Tuesday, March 12, 2019

The Difference Between Being “A” Middle Child and “The” Middle Child

The Golden Rule of birth order:
If you’re not the first or the last,
you’re in the middle!
     Not every Middle Child necessarily knows they’re a Middle Child. I’ve written about this before, urging Sarah Jessica Parker to embrace her Middle Child status, but I’m pretty sure the message isn’t getting through. Case in point: I was speaking to a radio host who told me there were no Middle Children in his family. I asked how many siblings he had and was told he was the second of four. When I informed him that meant there are actually two Middle Children in his family and that he was one of them, it was like I turned his world upside down! So if MidKids themselves aren’t even aware of their status, why would I think non-Middles would know any better?
     If my sister-in-law is any indication, they do not. The oldest of four girls, she didn’t realize her very own sister (my wife) was one of two Middle Children. “There can only be one Middle Child per family,” she informed me. And then there’s the former co-worker and father of five (and Middle Child himself) who was telling me a story about his own Middle Child. When I told him he actually had three, he said, “I never thought of it that way.” Aaargh. It’s an epidemic, I tell you!! But changing someone’s understanding of what it takes to be a Middle Child is no easy task.
     If I asked you, “Who was the Middle Child on The Brady Bunch?”  your answer would likely be Jan. Of course, you’d be right. And wrong. Sure, she’s “a” Middle Child, but not “the” Middle Child. She’s the Middle Brady sister and probably the world’s most iconic MidKid, but what about Peter, the Middle Brady boy? He’s no less a Middle Child, and it doesn’t end there. There were six siblings in the blended Brady brood, so after Carol and Mike got hitched, Marcia and Bobby became Middles along with Peter and Jan. In fact, Greg and Cindy were the only ones who weren't ever Middle Children.
     And what about “Malcolm in the Middle?” Yes, he was “a” Middle Child, but far from being “the” Middle Child. Malcolm was actually one of three brothers in the middle. It was just him and Reese until the end of season four when baby Jamie came along, then Dewey became one too. I guess “Malcolm, Reese, & Dewey in the Middle” wasn’t as catchy a title. So Malcolm got top billing, and Reese and Dewey were relegated to the trash heap of TV Middle Children. Talk about Middle Child Syndrome.

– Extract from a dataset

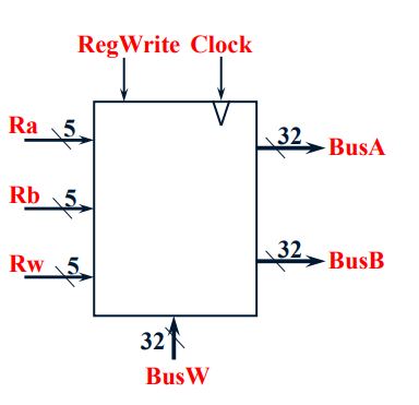 이 때, Read operation 은 enable 또는 clock signal 과 관련없이 read 되고 Ra Rb 에 의해 지정된 register 값을 BusA 와 BusB 를통해 출력하게 된다. Write operation 은 RegWrite 의 값( 0 or 1) 에 따라 BusW를 통해 write 한다.

     When you’re “the” Middle Child, you’re on your own. It’s two against one. You’re outnumbered, on an island unto yourself. I have long argued it is the truest form of Middle Child, and also the worst. On the other hand, when you’re “a” Middle Child, at least you have company. That’s probably a good thing, because misery does love company. With four siblings, it’s a level playing field. Two on two. A house divided. And when there are five or more siblings (gasp), the Middles are the majority. Multiple siblings get to be “a” Middle Child, but no one sibling is “the” Middle Child -- except when there’s an odd number of siblings. Then one lucky sib gets to be the Middle Middle Child -- the birth order equivalent of a double whammy.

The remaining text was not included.